This article is more than 10 years old.

Was the Wall Street Journal's story this week on production cuts for the Apple iPhone 5 just flat out wrong?

That's what Wedge Partners analyst Brian Blair says. The analyst writes in a note to clients today that the reports of a 50% cut in orders for iPhone related components due to weakening demand for the iPhone "are simply erroneous."

He says it does appear to be the case that Apple has trimmed some panel orders for the iPhone and iPod Touch as well as for the iPad and the MacBook, but he does not find the cuits alarming. "We see these cuts as primarily related to normal seasonal patterns coming off of the holiday period and believe they are within a normal 15-25% range, not the 50% range that was reported over the weekend," he writes.

The analyst adds that Apple was ordering panels aggressively in the November/December time period due to low yields at the time. As panel yields have improved, Apple has been able to reduce orders, he says.

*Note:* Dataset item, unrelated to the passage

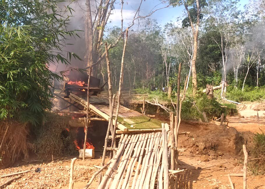 Diduga para pekerja PETI sudah dahulu kabur sebelum Tim tiba dilokasi kegiatan PETI, Lantas semua peralatan PETI di rusak dan bakar,” kata Yurizal.

Blair say he continues to see iPhone unit sales of 50 million for the December quarter and 40 million for the March quarter. For the 2013 calendar year, he raises his unit forecast to 180 million from 163 million. Blair also thinks that Apple could shorten the refresh windows for the next iPhone, with a June launch possible "in an effort to stave off intensifying competition from Samsung."

Apple shares, which have been under intense selling pressure in recent sessions, today is up $22.86, or 4.7%, to $508.78.